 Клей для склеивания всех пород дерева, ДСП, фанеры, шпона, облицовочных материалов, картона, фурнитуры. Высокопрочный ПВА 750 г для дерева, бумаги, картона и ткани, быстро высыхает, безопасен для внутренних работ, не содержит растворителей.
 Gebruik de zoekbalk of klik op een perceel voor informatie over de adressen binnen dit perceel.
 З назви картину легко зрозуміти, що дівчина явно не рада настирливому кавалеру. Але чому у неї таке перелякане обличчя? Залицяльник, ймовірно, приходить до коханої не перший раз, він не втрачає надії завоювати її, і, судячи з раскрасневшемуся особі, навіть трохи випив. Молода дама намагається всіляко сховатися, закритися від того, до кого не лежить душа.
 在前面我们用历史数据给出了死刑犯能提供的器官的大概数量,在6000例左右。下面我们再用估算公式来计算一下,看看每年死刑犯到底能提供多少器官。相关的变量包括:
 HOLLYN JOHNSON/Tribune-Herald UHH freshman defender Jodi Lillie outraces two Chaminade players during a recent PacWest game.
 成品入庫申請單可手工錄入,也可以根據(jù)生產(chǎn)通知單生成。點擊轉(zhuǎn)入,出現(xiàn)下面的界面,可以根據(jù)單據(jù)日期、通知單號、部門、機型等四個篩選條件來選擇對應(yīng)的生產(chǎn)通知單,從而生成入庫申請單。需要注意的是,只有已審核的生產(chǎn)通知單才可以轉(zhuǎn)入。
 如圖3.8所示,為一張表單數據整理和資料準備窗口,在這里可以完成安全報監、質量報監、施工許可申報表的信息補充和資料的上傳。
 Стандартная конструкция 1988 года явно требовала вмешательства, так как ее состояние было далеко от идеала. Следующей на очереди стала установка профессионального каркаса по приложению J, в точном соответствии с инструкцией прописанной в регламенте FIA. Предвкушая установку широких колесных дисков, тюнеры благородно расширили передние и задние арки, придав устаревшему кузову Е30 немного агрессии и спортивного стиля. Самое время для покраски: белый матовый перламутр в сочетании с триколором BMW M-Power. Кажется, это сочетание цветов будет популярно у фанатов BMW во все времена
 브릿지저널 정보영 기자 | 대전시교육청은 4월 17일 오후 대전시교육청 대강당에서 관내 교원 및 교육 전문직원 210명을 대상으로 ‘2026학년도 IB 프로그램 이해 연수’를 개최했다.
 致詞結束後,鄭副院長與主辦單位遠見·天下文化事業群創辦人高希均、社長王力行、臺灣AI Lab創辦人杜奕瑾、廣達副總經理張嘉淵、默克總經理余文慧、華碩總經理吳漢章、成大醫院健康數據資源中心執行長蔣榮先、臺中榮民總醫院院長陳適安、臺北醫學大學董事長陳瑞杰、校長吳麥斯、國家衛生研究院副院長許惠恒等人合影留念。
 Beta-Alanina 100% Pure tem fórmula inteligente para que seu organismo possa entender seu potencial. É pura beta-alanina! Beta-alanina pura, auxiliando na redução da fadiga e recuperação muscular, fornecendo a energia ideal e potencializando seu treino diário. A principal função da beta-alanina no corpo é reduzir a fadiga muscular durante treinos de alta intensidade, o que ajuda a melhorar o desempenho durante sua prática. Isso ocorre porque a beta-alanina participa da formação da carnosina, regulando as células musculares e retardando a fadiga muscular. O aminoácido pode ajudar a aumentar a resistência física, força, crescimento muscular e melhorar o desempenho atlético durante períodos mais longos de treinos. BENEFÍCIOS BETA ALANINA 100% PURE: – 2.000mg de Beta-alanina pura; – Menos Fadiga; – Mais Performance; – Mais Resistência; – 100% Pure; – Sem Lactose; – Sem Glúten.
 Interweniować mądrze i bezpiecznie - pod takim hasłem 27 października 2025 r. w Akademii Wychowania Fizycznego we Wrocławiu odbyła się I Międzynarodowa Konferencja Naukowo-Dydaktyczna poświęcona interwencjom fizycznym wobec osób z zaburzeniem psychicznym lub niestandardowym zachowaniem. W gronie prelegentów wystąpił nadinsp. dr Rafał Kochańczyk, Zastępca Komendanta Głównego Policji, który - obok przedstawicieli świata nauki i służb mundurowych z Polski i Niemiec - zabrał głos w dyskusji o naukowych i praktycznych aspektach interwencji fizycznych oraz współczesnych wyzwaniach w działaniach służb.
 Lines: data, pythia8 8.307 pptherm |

____

- About this exercise
Would you output all the records above exactly as written?

- Worked solution
 Клей для склеивания всех пород дерева, ДСП, фанеры, шпона, облицовочных материалов, картона, фурнитуры. Высокопрочный ПВА 750 г для дерева, бумаги, картона и ткани, быстро высыхает, безопасен для внутренних работ, не содержит растворителей.
 Gebruik de zoekbalk of klik op een perceel voor informatie over de adressen binnen dit perceel.
 З назви картину легко зрозуміти, що дівчина явно не рада настирливому кавалеру. Але чому у неї таке перелякане обличчя? Залицяльник, ймовірно, приходить до коханої не перший раз, він не втрачає надії завоювати її, і, судячи з раскрасневшемуся особі, навіть трохи випив. Молода дама намагається всіляко сховатися, закритися від того, до кого не лежить душа.
 在前面我们用历史数据给出了死刑犯能提供的器官的大概数量,在6000例左右。下面我们再用估算公式来计算一下,看看每年死刑犯到底能提供多少器官。相关的变量包括:
 HOLLYN JOHNSON/Tribune-Herald UHH freshman defender Jodi Lillie outraces two Chaminade players during a recent PacWest game.
 成品入庫申請單可手工錄入,也可以根據(jù)生產(chǎn)通知單生成。點擊轉(zhuǎn)入,出現(xiàn)下面的界面,可以根據(jù)單據(jù)日期、通知單號、部門、機型等四個篩選條件來選擇對應(yīng)的生產(chǎn)通知單,從而生成入庫申請單。需要注意的是,只有已審核的生產(chǎn)通知單才可以轉(zhuǎn)入。
 如圖3.8所示,為一張表單數據整理和資料準備窗口,在這里可以完成安全報監、質量報監、施工許可申報表的信息補充和資料的上傳。
 Стандартная конструкция 1988 года явно требовала вмешательства, так как ее состояние было далеко от идеала. Следующей на очереди стала установка профессионального каркаса по приложению J, в точном соответствии с инструкцией прописанной в регламенте FIA. Предвкушая установку широких колесных дисков, тюнеры благородно расширили передние и задние арки, придав устаревшему кузову Е30 немного агрессии и спортивного стиля. Самое время для покраски: белый матовый перламутр в сочетании с триколором BMW M-Power. Кажется, это сочетание цветов будет популярно у фанатов BMW во все времена
 브릿지저널 정보영 기자 | 대전시교육청은 4월 17일 오후 대전시교육청 대강당에서 관내 교원 및 교육 전문직원 210명을 대상으로 ‘2026학년도 IB 프로그램 이해 연수’를 개최했다.
 致詞結束後,鄭副院長與主辦單位遠見·天下文化事業群創辦人高希均、社長王力行、臺灣AI Lab創辦人杜奕瑾、廣達副總經理張嘉淵、默克總經理余文慧、華碩總經理吳漢章、成大醫院健康數據資源中心執行長蔣榮先、臺中榮民總醫院院長陳適安、臺北醫學大學董事長陳瑞杰、校長吳麥斯、國家衛生研究院副院長許惠恒等人合影留念。
 Beta-Alanina 100% Pure tem fórmula inteligente para que seu organismo possa entender seu potencial. É pura beta-alanina! Beta-alanina pura, auxiliando na redução da fadiga e recuperação muscular, fornecendo a energia ideal e potencializando seu treino diário. A principal função da beta-alanina no corpo é reduzir a fadiga muscular durante treinos de alta intensidade, o que ajuda a melhorar o desempenho durante sua prática. Isso ocorre porque a beta-alanina participa da formação da carnosina, regulando as células musculares e retardando a fadiga muscular. O aminoácido pode ajudar a aumentar a resistência física, força, crescimento muscular e melhorar o desempenho atlético durante períodos mais longos de treinos. BENEFÍCIOS BETA ALANINA 100% PURE: – 2.000mg de Beta-alanina pura; – Menos Fadiga; – Mais Performance; – Mais Resistência; – 100% Pure; – Sem Lactose; – Sem Glúten.
 Interweniować mądrze i bezpiecznie - pod takim hasłem 27 października 2025 r. w Akademii Wychowania Fizycznego we Wrocławiu odbyła się I Międzynarodowa Konferencja Naukowo-Dydaktyczna poświęcona interwencjom fizycznym wobec osób z zaburzeniem psychicznym lub niestandardowym zachowaniem. W gronie prelegentów wystąpił nadinsp. dr Rafał Kochańczyk, Zastępca Komendanta Głównego Policji, który - obok przedstawicieli świata nauki i służb mundurowych z Polski i Niemiec - zabrał głos w dyskusji o naukowych i praktycznych aspektach interwencji fizycznych oraz współczesnych wyzwaniach w działaniach służb.
 Lines: data, pythia8 8.307 pptherm |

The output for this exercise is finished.